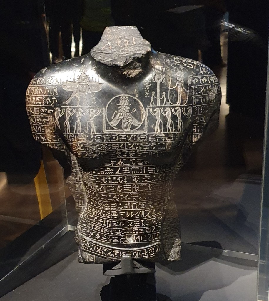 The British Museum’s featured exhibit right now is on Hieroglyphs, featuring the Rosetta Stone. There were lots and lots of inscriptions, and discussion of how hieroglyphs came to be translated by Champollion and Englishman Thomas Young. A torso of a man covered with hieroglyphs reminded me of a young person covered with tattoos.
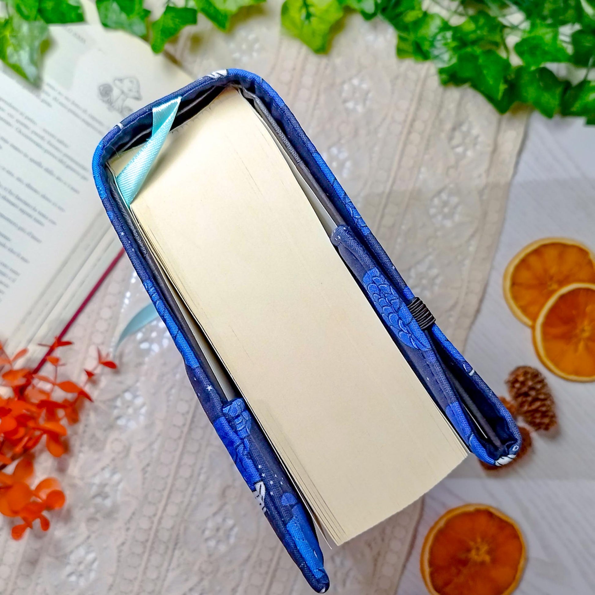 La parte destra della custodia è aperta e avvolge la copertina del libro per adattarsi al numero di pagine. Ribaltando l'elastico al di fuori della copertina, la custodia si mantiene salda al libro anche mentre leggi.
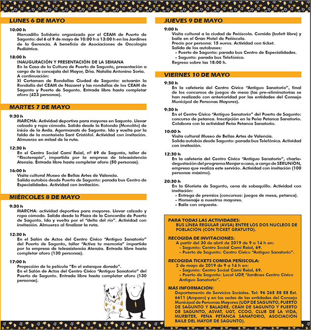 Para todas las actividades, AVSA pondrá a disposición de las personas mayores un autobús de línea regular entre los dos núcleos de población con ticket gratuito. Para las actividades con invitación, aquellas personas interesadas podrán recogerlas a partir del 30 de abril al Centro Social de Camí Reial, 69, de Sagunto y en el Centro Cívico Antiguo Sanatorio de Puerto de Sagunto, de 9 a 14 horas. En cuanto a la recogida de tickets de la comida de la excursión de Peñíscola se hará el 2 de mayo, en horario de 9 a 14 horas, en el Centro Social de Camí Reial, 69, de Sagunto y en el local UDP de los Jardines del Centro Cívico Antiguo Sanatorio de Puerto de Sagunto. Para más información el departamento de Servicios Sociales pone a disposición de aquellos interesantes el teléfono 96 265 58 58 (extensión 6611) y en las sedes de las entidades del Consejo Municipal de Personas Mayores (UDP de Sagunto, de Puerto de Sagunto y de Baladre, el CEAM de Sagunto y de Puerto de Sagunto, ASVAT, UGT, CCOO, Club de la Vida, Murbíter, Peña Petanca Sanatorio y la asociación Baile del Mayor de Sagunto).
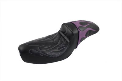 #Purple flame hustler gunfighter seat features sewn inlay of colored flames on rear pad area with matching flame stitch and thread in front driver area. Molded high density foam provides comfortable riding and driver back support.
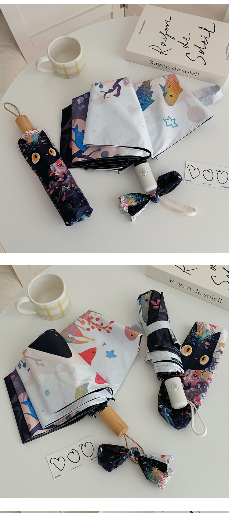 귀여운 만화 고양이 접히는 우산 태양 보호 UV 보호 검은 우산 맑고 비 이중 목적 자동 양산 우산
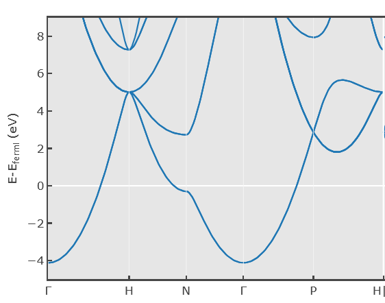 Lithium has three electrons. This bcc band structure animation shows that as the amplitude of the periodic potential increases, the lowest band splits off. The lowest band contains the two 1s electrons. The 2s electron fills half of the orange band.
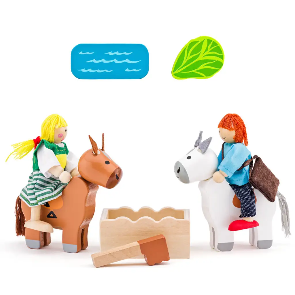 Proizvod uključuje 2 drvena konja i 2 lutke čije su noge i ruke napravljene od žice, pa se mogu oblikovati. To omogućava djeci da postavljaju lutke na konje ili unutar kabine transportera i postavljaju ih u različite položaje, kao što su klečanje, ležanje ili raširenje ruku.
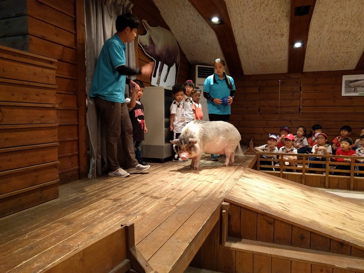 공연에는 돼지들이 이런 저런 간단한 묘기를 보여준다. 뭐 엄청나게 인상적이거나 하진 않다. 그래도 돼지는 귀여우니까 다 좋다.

EXERCISE INSTRUCTIONS: Using the listing above, reproduce word for word every line from the one containing "#Purple flame hustler" through the one containing "Lithium has three". Pictures must be left out.

OUTPUT OF THE TASK:
 #Purple flame hustler gunfighter seat features sewn inlay of colored flames on rear pad area with matching flame stitch and thread in front driver area. Molded high density foam provides comfortable riding and driver back support.
 귀여운 만화 고양이 접히는 우산 태양 보호 UV 보호 검은 우산 맑고 비 이중 목적 자동 양산 우산
 Lithium has three electrons. This bcc band structure animation shows that as the amplitude of the periodic potential increases, the lowest band splits off. The lowest band contains the two 1s electrons. The 2s electron fills half of the orange band.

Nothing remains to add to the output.